The situation above is comparable to those at other sites on the mount Halimun (Simbolon & Mirmanto 1997; Mirmanto & Simbolon 1998; Yoneda et al. 2001) and the mount Gede-Pangrango (Meijer 1959; Yamada 1975, 1976a & b, 1977, 1990; Abdulhadi et al. 1998). The similarity of floristic composition between the present plot and another one-hectare plot at comparable elevation at Cisarua in the MHNP (Simbolon & Mirmanto 1997) is small, with a Jaccard’s similarity index of 13.6%.
The two most common and leading species in both mount Halimun and mount Gede-Pangrango are Altingia excelsa and Schima wallichii. Castanopsis and Lithocarpus are present in all but species that become locally prevalent in each site at both mount Halimun and mount Gede-Pangrango may vary.
In order to determine whether the 64 species recorded in the one hectare plot represent the total number of species in the area studied, a species-area curve was constructed (Figure 1). It shows the curve of cumulative increment of number of species in accordance with the increase of area. It is evident that the number of species within this hectare-plot increases rapidly and beginning to flatten out at around one hectare. The shape of this curve is comparable to that of other sites at mount Halimun (Kartawinata 2005), but the number of species in the hectare plot there is 55, lower than the present one (64).

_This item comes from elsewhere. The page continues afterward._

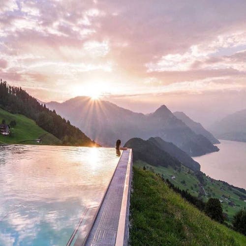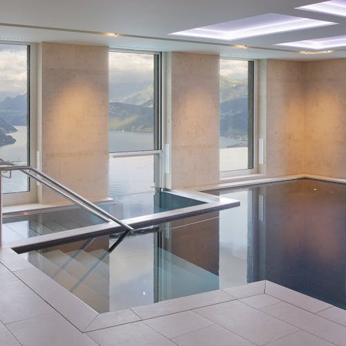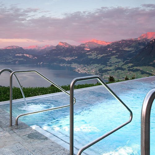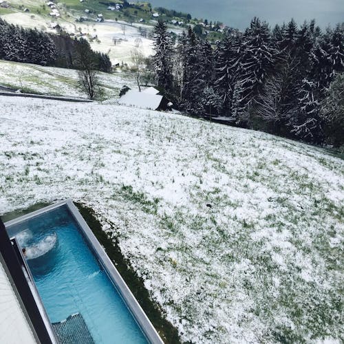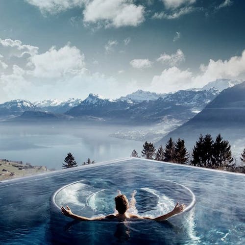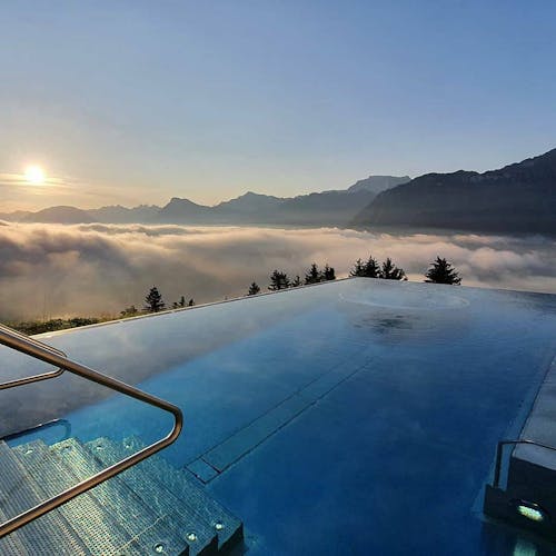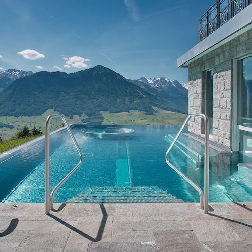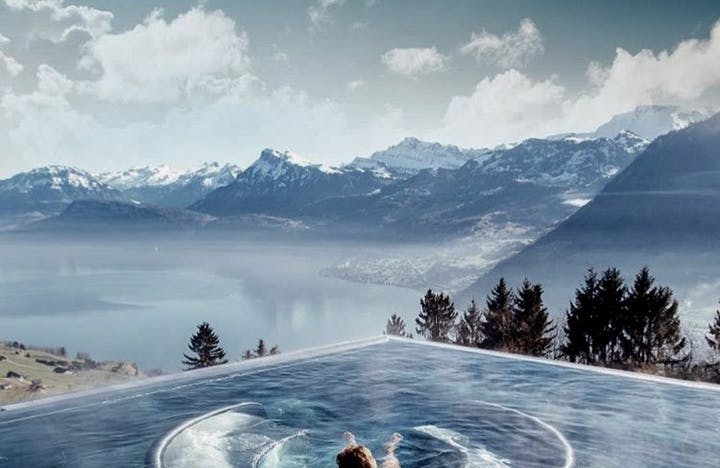 Localizada no hotel Villa Honegg construído no início do século XX a cerca de 1000m de altitude, essa é uma experiência à parte e especial quando o assunto é piscina.

In the latter two curves, each reaches the point of inflection at one hectare, where the minimum area can be attained at this point, indicating the beginning of the decrease of species richness, which reflects also the decrease of species diversity.
Figure 1. A species-area curve for trees with DBH ≥10 cm in a one hectare plot of a montane forest at the Mount Halimun National Park, West Java, by plotting the number of species against the area.
Structure
Figur 3 shows the basal areas of ten leading species that amounted to 25.06 m² or 71% of the total. It is clear also that six of the species belong to family Hammamelidaceae, Theaceae, Fagaceae, and Icacinaceae. Altingia excelsa was the most prominent species with the basal area of 12 m². Table 4 shows ten leading species according to the tree density with total of 228 trees/ha or 56% of the total density in the plot.
The diameter class distribution of trees in one hectare plot is presented in Figure 2 and Figure 3, which show to a smaller extent a typical size class graph of a tropical undisturbed primary forest. It reveals that 75.61% of the trees were less than 30 cm DBH. Only 24.39% occurred with diameters greater than 30 cm. Altingia excelsa, Castanopsis javanica and Schima wallichii were prominent in almost all diameter classes and at diameter of 100 – 140 cm all trees were Altingia excelsa. Other large trees with diameter of 50 – 100 cm were Castanopsis acuminatissima, Castanopsis tungurrut, Lithocarpus sp, Platea excelsa, and Syzygium sp.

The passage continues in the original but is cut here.